I don't think I understand the meaning of the questions. It isn't gradient descent unless you have a potential function. You cannot do gradient descent on a vector field that is not a gradient. You can solve an ODE.
You can, of course, turn a root-finding problem (F(x) = 0) into a minimization problem by defining a potential like g(x) = (F(x))^2. You can do gradient descent on g. So in that sense, both of these problems reduce to each other, though there are better methods for solving F(x) = 0 than minimizing g.
I still don't understand this sense of optimization being easier than root finding.
What I do understand is some sense in which there are more vector fields than there are gradients, since only some vector fields are gradients of potential functions. My comment was intended to point that out, since I thought that is maybe what you meant.
I think I explained it poorly. I used "gradient descent" colloquially there, I just meant following the 'flow' in your vector field like you might in actual gradient descent. (Yes in this case it'd be Euler's method, and you can add whatever bells and whistles you would add for GD like to choose step sizes and whatnot.) I'm saying you might still be able to find the zero of your function by doing that. That neither implies that Newton's method would have performed better on your problem (it may perform better, or it may not), nor does it imply that your vector field must have been a gradient of anything. Right?

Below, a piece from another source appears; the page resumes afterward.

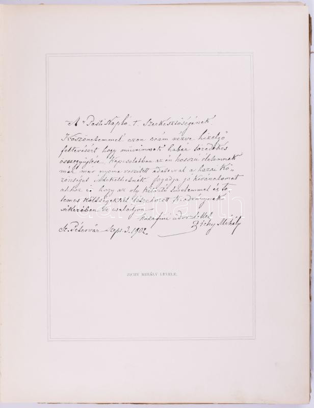 Zichy Mihály élete, művészete és alkotásai. Tizennyolc szövegképpel és negyven műmelléklettel. A Pesti Napló ajándéka. Bp., 1902, Athenaeum, 76p. + 40 t. Számos szövegközi és egészoldalas illusztrációval. Kiadói illusztrált, festett, szecessziós egészvászon-kötésben, kopott borítóval, kijáró lapokkal, és néhány lap szélén sérülésekkel.

Whereas you're saying "given that you're doing Newton's method, I don't think one problem is easier than the other, right?" as if Newton is somehow guaranteed to give equally good if not better results than e.g. Euler when your vector field isn't a gradient... which I don't believe it is? Certainly there are cases when that happens but it's not implied, right?
Haven't read the paper yet, but Boyd and Vandenberghe's book, Convex Optimization, is available for free on the authors' website and covers all the foundational material.
Update: I've skimmed the paper and here's the gist as I understand it. The paper alleges that Newton's method can have convergence issues, even when using line search. Their approach resolves these convergence issues. It's 6am where I am which isn't great for processing this stuff, but I write a lot of custom Convex Optimization solvers, and I've never had convergence issues with Newton's method with the default line search parameters suggested by the book mentioned above, even with some bad condition numbers that throttle off-the-shelf solvers (which is why I write my own).
The paper talks about speed of convergence, which initially made me think this was a first order method, not requiring calculating the Hessian (matrix of 2nd order derivatives). For large systems this is really slow and 1st order methods speed this up by working only with the first derivatives. But that's not what this paper is: they still use the Hessian but add regularization, which presumably just improves the condition number. Reminds me of proximal algorithms but haven't explored that connection.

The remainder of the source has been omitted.